- Born: Bonita Sue Dunbar February 14, 1948 (age 78) Sterling, Colorado
- Education: University of Colorado Boulder, University of Tennessee Knoxville
- Awards: Best Paper and Presentation, 1973 Southwest Developmental Biology Symposium; honored as First Margaret Pittman Lecturer in 1994
- Scientific career
- Fields: Zoology
- Workplaces: Baylor College of Medicine
- Thesis: Characterization of macromolecular components of rabbit uterine secretions (1977)

= Bonnie S. Dunbar =

American zoologist (born 1948)

Bonita Sue Dunbar (born February 14, 1948), known as Bonnie Dunbar or Bonnie S. Dunbar, is an American zoologist and academic who was a professor in the department of molecular and cell biology at Baylor College of Medicine from 1994 to 2004, having been an assistant professor there from 1981 to 1983. From 1984 to 1994, also at Baylor College of Medicine, she also held a position as associate professor in the department of obstetrics and gynecology.

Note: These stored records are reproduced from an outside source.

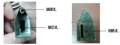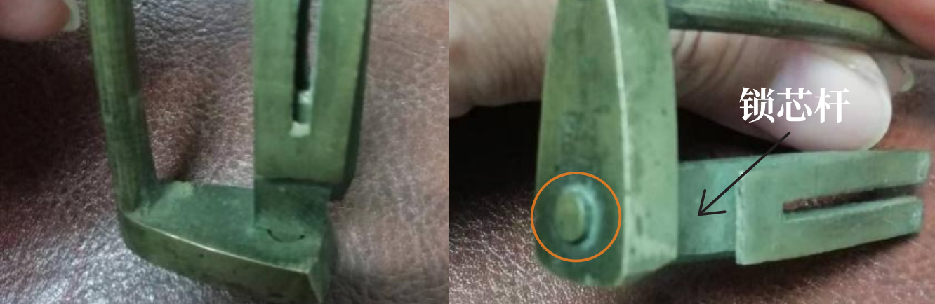 锁芯杆通过榫卯结构固定在锁头上,最终使得锁头、锁梁和锁芯成为一个整体,我们可以把这个整体称为“锁体”。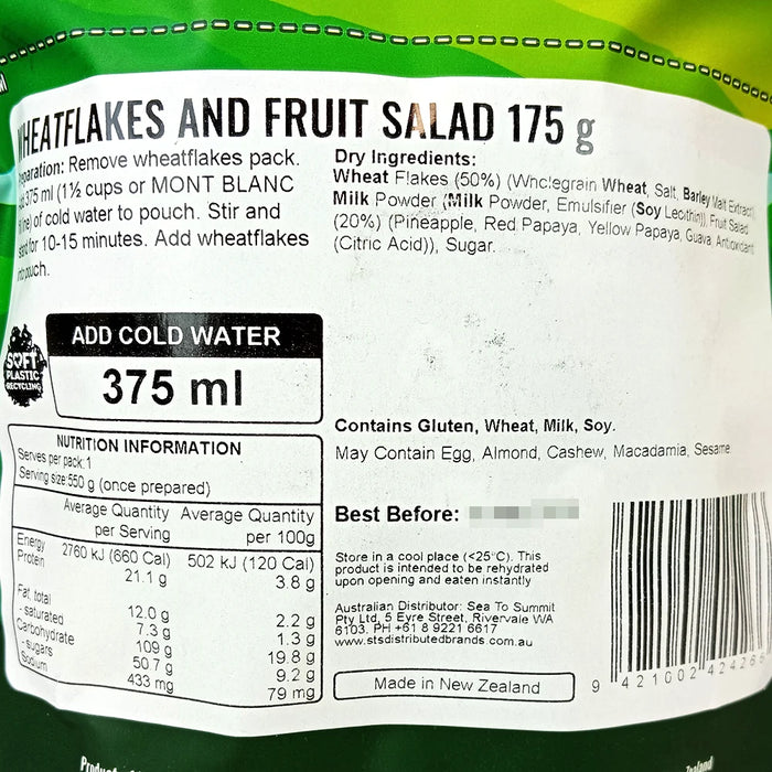 Our Back Country Wheat flakes & Fruit Salad pack contains a satisfying mix of freeze dried delicious wheat flakes and fruit salad with milk. To use simply tear the bag at the top, remove any sachets, add cold water and stir. Let stand for 10-15 minutes, stir once more for good measure and your good to eat after a hard slog!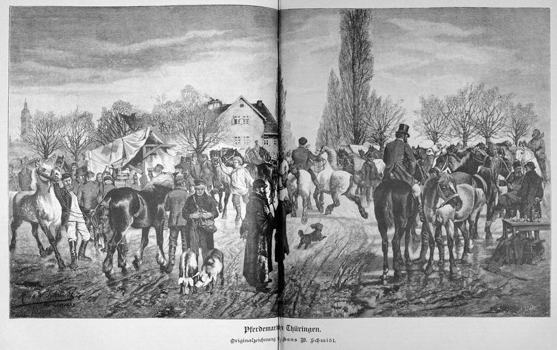 Keywords: Die Gartenlaube (1887) b 308.jpg 308 309 ImageNote 1 1886 2705 958 210 4672 2944 2 Pferdemarkt in Thüringen Originalzeichnung von Hans W Schmidt ImageNoteEnd 1 History of Buttstädt Horses in art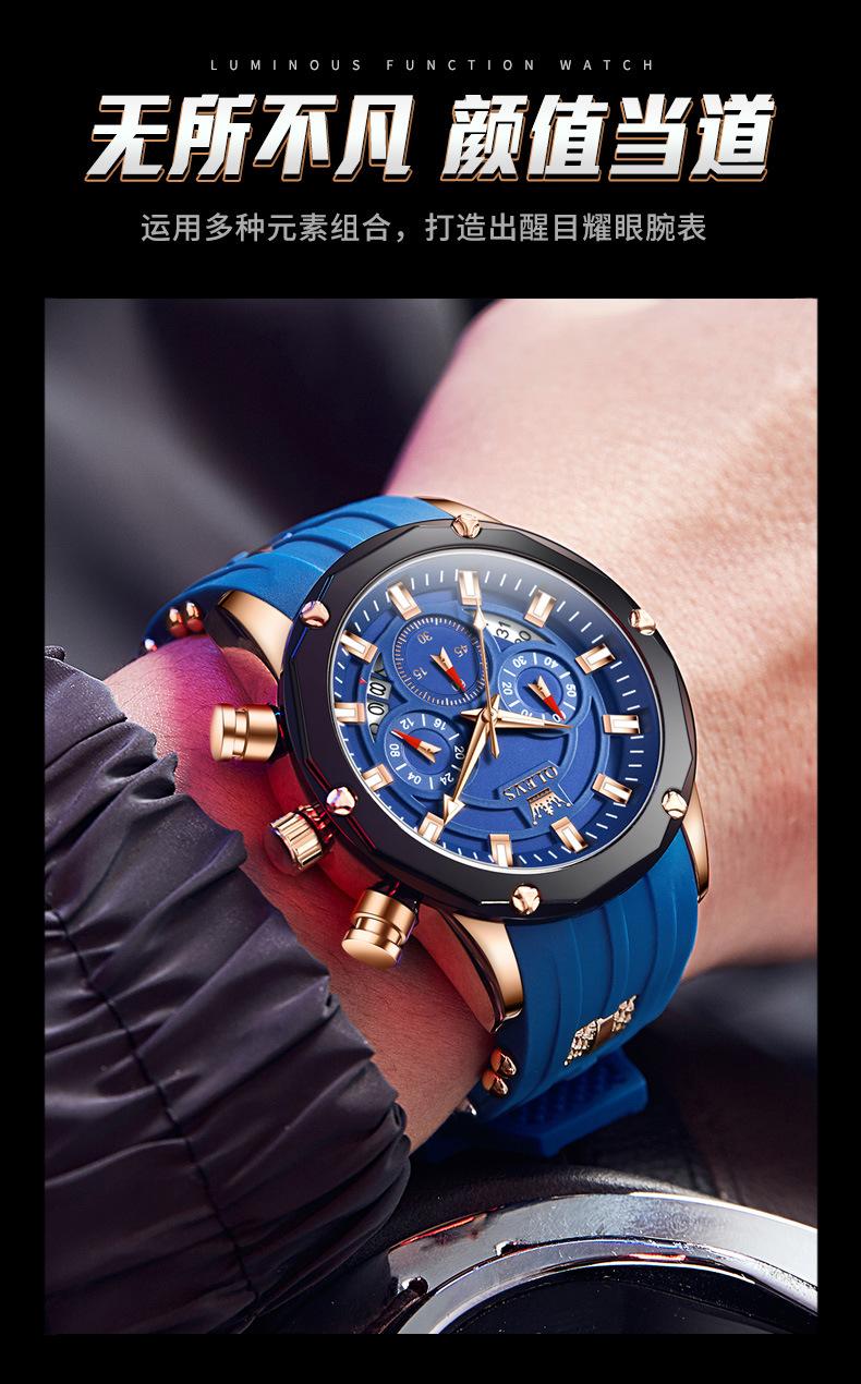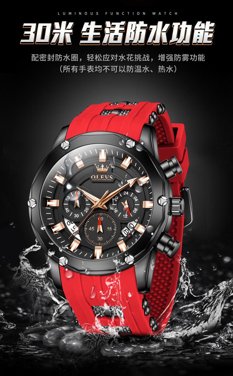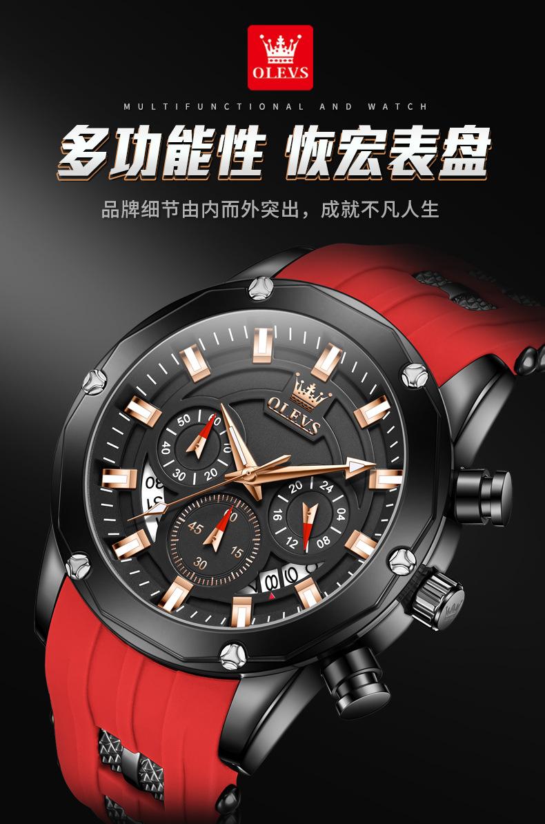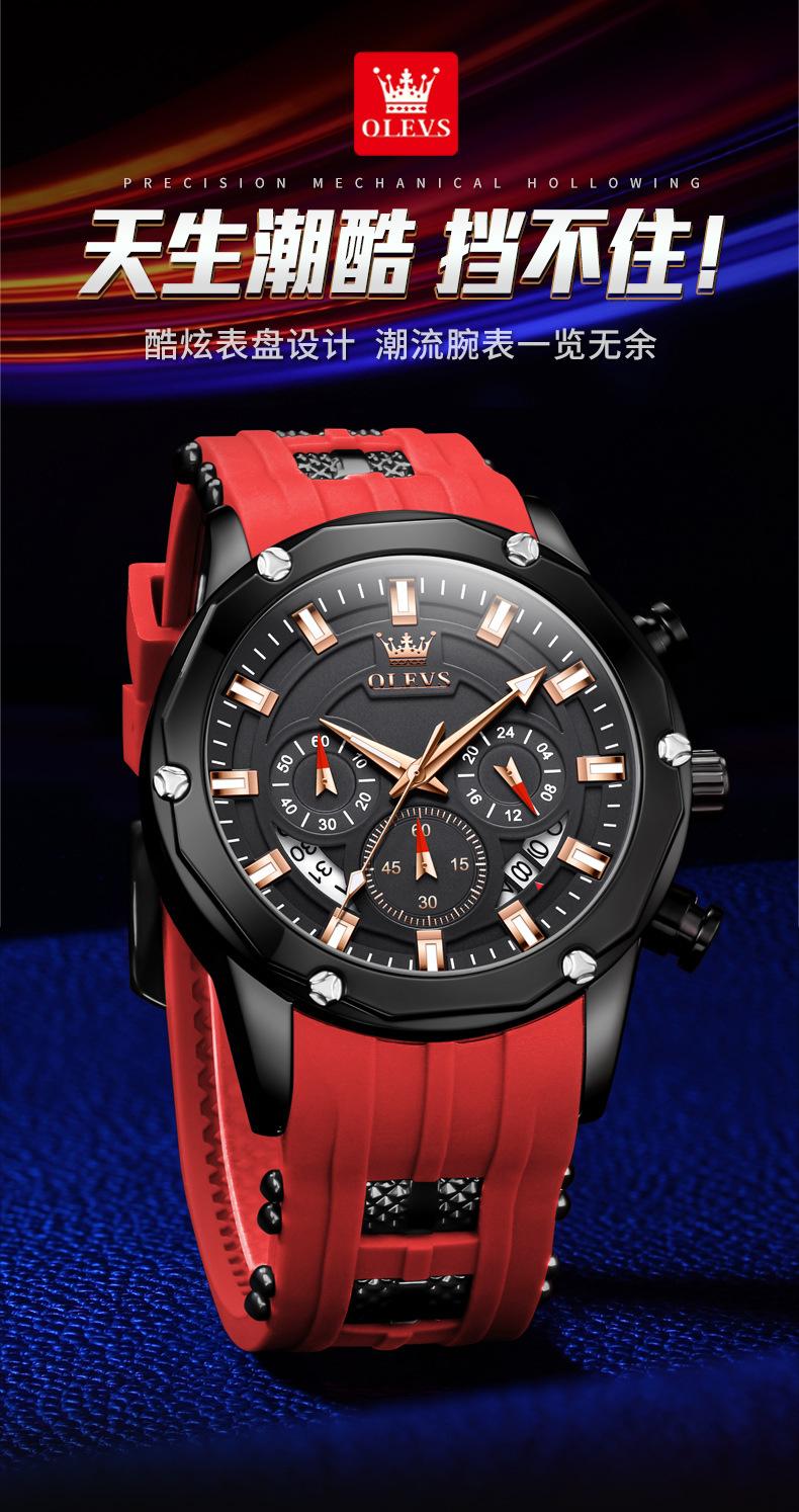 Un nuevo reloj de cuarzo multifuncional para el reloj de hombre con cinta de silicona de comercio exterior transfronterizo de la marca Oli.

She is an honorary lecturer at the University of Nairobi. She is a member of the American Association for the Advancement of Science, the Endocrine Society, the American Society for Cell Biology, and the New York Academy of Sciences. She is the owner of the Karen Blixen Coffee Garden Restaurant and Cottages, as well as the treasurer of the African Biomedical Center. She was on the editorial board of the journal Medical Veritas, which was published from 2004 to 2008 and endorsed anti-vaccine views.

==Education==
Dunbar was born in Sterling, Colorado. She received her bachelors' (1970) and masters' (1971) degrees from the University of Colorado Boulder, followed by a PhD in zoology from the University of Tennessee in 1977. She did postdoctoral research from 1975 to 1978 at the University of California Davis.

==Scientific career==
After completing her postdoc, Dunbar worked at the Population Council of Rockefeller University until 1981, when she became an assistant professor at Baylor College of Medicine's department of cell biology. Her research into the zona pellucida as a graduate student led her to the search for a contraceptive when she noticed that some infertile women had antibodies to their own zona pellucida, preventing the sperm from entering the egg when sex took place. To this end, she proposed the injection of pig proteins into rabbits to induce autoimmunity, a proposal which proved successful; however, it was not without serious side effects: the rabbits thus immunized developed an autoimmune disease which resulted in their immune system attacking their ovaries, causing permanent ovarian failure.

She said that her interest in this arose because "...in my young years I had a vision that maybe we could help the world population problem and provide women with an option for birth control that was not invasive in our hormones or our systems or otherwise have the side effects we now see with a lot of contraceptive methods." In February 1991, Dr. Dunbar received a patent on such a vaccine while affiliated with Zonagen. In 1994, Dunbar filed a lawsuit accusing Baylor College of Medicine, the Houston-based law firm Fulbright & Jaworski, Zonagen, and a group of investors of forcing her to relinquish patent rights to this vaccine. In 1999, the parties reached a settlement; the terms were not disclosed, but Dunbar said she was "very happy" with it. In June 2001, Dunbar lost everything she had been storing in her lab—"20 years of research" according to the Houston Chronicle—after Tropical Storm Allison devastated Baylor College of Medicine.

==Views on the Hepatitis B vaccine==
Dunbar has vocally criticized the hepatitis B vaccine, which, she claims, may be more dangerous than Hepatitis B itself for a small portion of the Caucasian population. She began suspecting the vaccine was dangerous after her brother, Bohn, developed rashes on his face, fatigue, and a number of other symptoms after being vaccinated with it. In 2000, Dunbar said that her brother "hasn't been out of bed since" he received the Hepatitis B vaccine.

A 2004 study showed an association between recombinant Hepatitis B vaccine and multiple sclerosis, but the current status of research is "inconclusive".